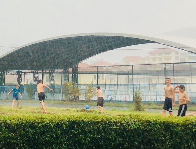 We had an unexpected thundershower in the afternoon, which of course was the perfect opportunity for our crazy kids to practice their soccer skills (or run around soaking wet and shouting themselves hoarse).
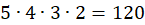 Na pierwszym miejscu może stać jedna z liczb: 2, 4, 6, 8 lub 9 – 5 możliwości, na drugim miejscu może stać każda z liczb, oprócz tej, która stoi na pierwszym miejscu – 4 możliwości, na trzecim, każda poza tymi stojącymi na pierwszym i drugim miejscu – 3 możliwości, a na 4 miejscu jedna z dwóch pozostałych liczb taka, która nie stoi na pierwszym, drugim lub trzecim miejscu – 2 możliwości.
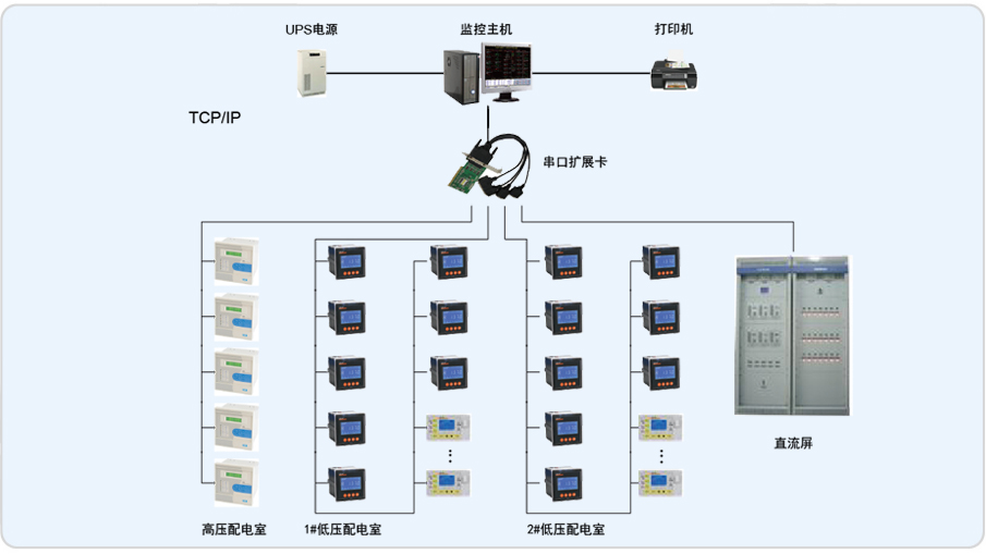 整個系統采用分布式結構,高壓配電室、低壓配電室1#、低壓配電室2#內現場設備均采用RS485總線直接接入監控主機擴展卡的串口。對于每個回路采用ACR多功能儀表,共126個回路;站控層應用國內知名的聯想商用計算機作為監控主機,同時設有用于報表打印輸出的打印機;防止異常斷電而引發的數據丟失的UPS設備。監控軟件平臺采用單機版Acrel-3000型電能管理系統。Acrel-3000型電能管理系統預留了擴展接口,可方便進行擴展。
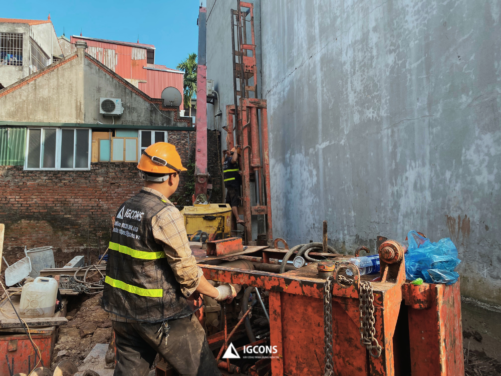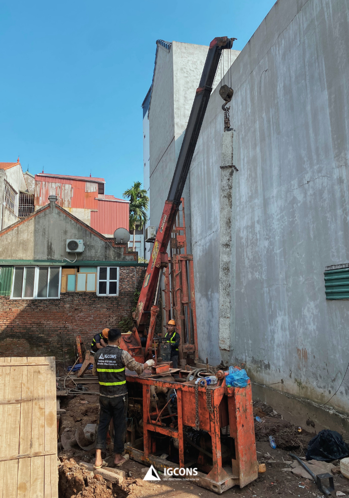 Công trình được xây dựng với quy mô 4 tầng 1 tum, do đó hệ móng được thiết kế phù hợp với điều kiện địa chất khu vực nhằm đảm bảo tải trọng công trình được truyền xuống nền đất một cách an toàn và hiệu quả. Trong quá trình thi công, đội ngũ kỹ sư và giám sát IGCONS đặc biệt chú trọng đến việc kiểm soát lực ép, độ sâu cọc và chất lượng cọc nhằm đảm bảo đúng yêu cầu kỹ thuật theo hồ sơ thiết kế.

What you should do: Give the listing above again in its entirety, exactly as written and free of images.

Answer for the task:
 We had an unexpected thundershower in the afternoon, which of course was the perfect opportunity for our crazy kids to practice their soccer skills (or run around soaking wet and shouting themselves hoarse).
 Na pierwszym miejscu może stać jedna z liczb: 2, 4, 6, 8 lub 9 – 5 możliwości, na drugim miejscu może stać każda z liczb, oprócz tej, która stoi na pierwszym miejscu – 4 możliwości, na trzecim, każda poza tymi stojącymi na pierwszym i drugim miejscu – 3 możliwości, a na 4 miejscu jedna z dwóch pozostałych liczb taka, która nie stoi na pierwszym, drugim lub trzecim miejscu – 2 możliwości.
 整個系統采用分布式結構,高壓配電室、低壓配電室1#、低壓配電室2#內現場設備均采用RS485總線直接接入監控主機擴展卡的串口。對于每個回路采用ACR多功能儀表,共126個回路;站控層應用國內知名的聯想商用計算機作為監控主機,同時設有用于報表打印輸出的打印機;防止異常斷電而引發的數據丟失的UPS設備。監控軟件平臺采用單機版Acrel-3000型電能管理系統。Acrel-3000型電能管理系統預留了擴展接口,可方便進行擴展。
 Công trình được xây dựng với quy mô 4 tầng 1 tum, do đó hệ móng được thiết kế phù hợp với điều kiện địa chất khu vực nhằm đảm bảo tải trọng công trình được truyền xuống nền đất một cách an toàn và hiệu quả. Trong quá trình thi công, đội ngũ kỹ sư và giám sát IGCONS đặc biệt chú trọng đến việc kiểm soát lực ép, độ sâu cọc và chất lượng cọc nhằm đảm bảo đúng yêu cầu kỹ thuật theo hồ sơ thiết kế.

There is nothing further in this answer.